The top British thinker told the Sydney Morning Herald that this would be a first step in reclaiming privacy thoughtlessly given away in our seduction by social media.
Historically the ”complete anarchy” surrounding the initial use of revolutionary communication technologies is brought to order by users wanting boundaries.
Humanity is at a crucial phase and the current situation will not be allowed to last for long, he thinks.
Grayling said that people tweet about him walking down the street or in a restaurant or on a bus and he found that a terrible invasion of privacy.
Professor Grayling said that this is the price you have to pay for living in a ”noisy, messy, quarrelsome democracy”. The press should be allowed to ”get away with a few things because it is a price worth paying” for the ”very crucial, noble” investigative work it does in the public interest.

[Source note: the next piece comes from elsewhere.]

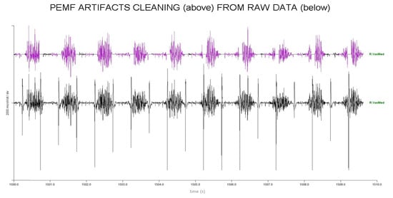 Artifacts removing process in 10 s of EMG raw trace of RVM. Upper part, purple: clean raw PEMF trace. Bottom part: original trace with PEMF artifacts before removal.

But he was a little miffed that the British government plans to extend state surveillance on the internet and to allow secret court hearings at the discretion of politicians in civil cases related to national security.
He said that civil liberties were under attack like never before and it was ”very thought-provoking” that governments have the capability to hack into people’s private digital information.
Grayling said that the challenge is to find an internationally agreed regime for safeguarding people’s private information without damaging the ”very worthwhile anarchy” of the internet and related technologies.